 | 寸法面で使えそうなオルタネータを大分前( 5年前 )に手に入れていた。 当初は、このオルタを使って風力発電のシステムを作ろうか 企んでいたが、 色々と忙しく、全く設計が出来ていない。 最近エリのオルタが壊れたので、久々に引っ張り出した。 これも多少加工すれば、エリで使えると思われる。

* * *

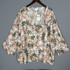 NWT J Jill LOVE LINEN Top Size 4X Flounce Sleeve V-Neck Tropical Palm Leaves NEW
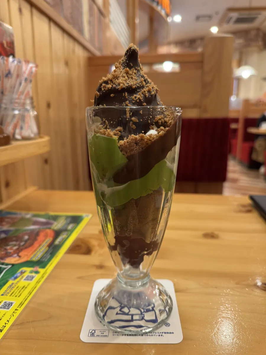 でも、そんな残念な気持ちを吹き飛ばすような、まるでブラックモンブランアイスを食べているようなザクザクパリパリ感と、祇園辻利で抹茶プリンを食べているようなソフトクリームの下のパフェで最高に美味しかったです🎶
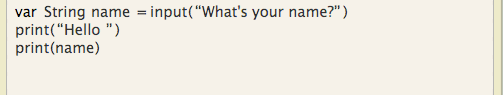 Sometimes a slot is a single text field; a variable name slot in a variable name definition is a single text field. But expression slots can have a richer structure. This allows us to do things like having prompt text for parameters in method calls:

--

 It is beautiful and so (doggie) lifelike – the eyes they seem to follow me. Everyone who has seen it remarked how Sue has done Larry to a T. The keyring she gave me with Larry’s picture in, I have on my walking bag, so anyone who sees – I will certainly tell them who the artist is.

> TASK STATEMENT
When copying from the data above, print only the lines from the line containing "でも、そんな残念な気持ちを吹" to the line containing "Sometimes a slot", exactly, and leave the pictures out.

> THE ANSWER
 でも、そんな残念な気持ちを吹き飛ばすような、まるでブラックモンブランアイスを食べているようなザクザクパリパリ感と、祇園辻利で抹茶プリンを食べているようなソフトクリームの下のパフェで最高に美味しかったです🎶
 Sometimes a slot is a single text field; a variable name slot in a variable name definition is a single text field. But expression slots can have a richer structure. This allows us to do things like having prompt text for parameters in method calls:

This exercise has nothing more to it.